Nigeria, if not first, has to rank way high among the list of nations where sanctity of human lives is nonexistent or treated with palpable disdain. This cringe worthy disposition is perfectly exhibited by security agencies and public officials. It is easier for the camel to pass through the eye of the needle than for the citizenry to go a week without getting to hear about police brutality on citizens they are paid to protect in any part of the country.
Ours is a country of inexactitude. An enclave of ‘anyhowness’. The situation becomes even more unsettling and worrisome when it appears those—the government—who are expected to curb the excesses of power drunk security operatives are also, albeit implicitly, egging this unconscionable characters on through there deafening silence and there refusal to bring them to book.

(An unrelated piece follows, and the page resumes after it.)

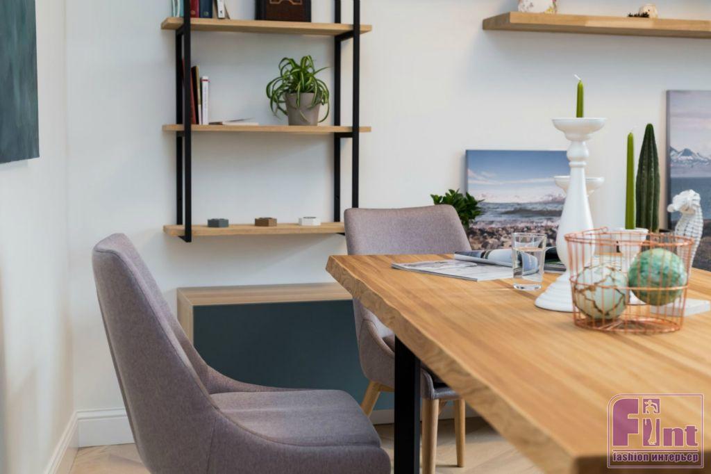 У окна удобно расположились деревянные скамейки-реечки, перекрывающие радиаторы. Большая столешница на индивидуально изготовленных подстольях задумана как место для работы и учебы. Кухня отделена от гостевой зоны барной стойкой, заменяющей в этой квартире классический обеденный стол.
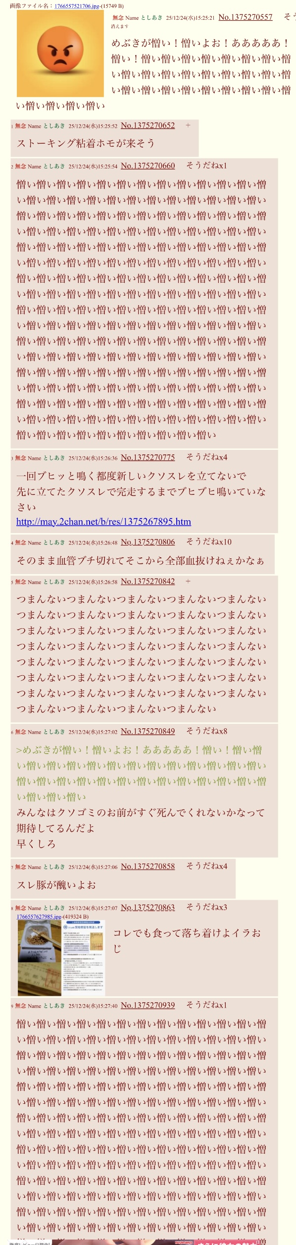 | … | 625/12/25(木)04:13:04No.1385918501+荒らしの作ったネットコミュニティに憎しみ募らせるとか丼だけ底辺なの |

On 10th of September, a peaceful protest embarked on by the students of federal university of Oye In Ekiti turned bloody when a police officer, who happened to be one of the security details of the state Governor’s Wife, Bisi Fayemi, gunned down two of the Protesters. The First lady who was on a mission to carry out one of her poverty alleviation programmes for rural woman in the state was approached by the students to address them on the pathetic power situation in the school and its hostels, but in response to the students request the security details of the first lady unleash mayhem on the hapless students and all hell broke loose.
What started as a simple altercation between restless students and overzealous police officers degenerated into full blown melee that saw the officers shot live bullets at students that pose no threat to their lives and in the process killing two students. Consequently, frustration boiled over and the students, enraged by the killing of two of their own, became rampageous.
“Abominable, Abhorrent and unconscionable” is the way human right activist and #EndSar convener, Segun Awosanya described the killing, he vowed that he would stop at nothing to make sure justice is served on the issue.
The first lady had said she did not order the killing of the students but every available sign point to the fact that the police acted at her behest.
In bizzare twist of event that seems to push away blame from the killer of the students, the commissioner for police in Ekiti said “Two persons have been arrested and one of them had confessed to the commission of the crime.“When a crime is committed, we don’t fold our arms and watch. Even a civilian can effect arrest if crime is committed in front of him and hand the suspect over to the police,”
The feelers we are getting now, which is a commendable one is that the management of the university, led by its Vice Chancellor, Prof. Kayode Soremekun, has set up a 12-man investigative panel to look into the root cause of the violent protest.A memo signed by the Director of Administration in the office of the Vice Chancellor, Mr. Olatunbosun Odusanya, said the panel would be headed by Deputy Vice Chancellor, Prof. Abayomi Fasina.
The management, according to the memo, gave the panel two weeks to submit its report. However, the People’s Democratic Party (PDP) in the South-West geo-political zone has condemned the use of live ammunition on the student demonstrators, resulting in the killing of at least two students by the police.
Throughout the history of mankind and across the world, the place of youths, especially students, in nation’s building and advancement of a country in every sphere of development is extremely crucial and not something to be treated with scant regard or utter levity.
But in Nigeria the opposite seems to be the case, aside from refusal of the old orders who have somewhat ruled the country since independence to relinquish power to the more dynamic and intelligent youths, they have also embarked on the systemic inculcation of fear in them that’s aimed at making it difficult for the youths to stand up to them, and where this strategy does not work they go for the jugular which is to annilate them.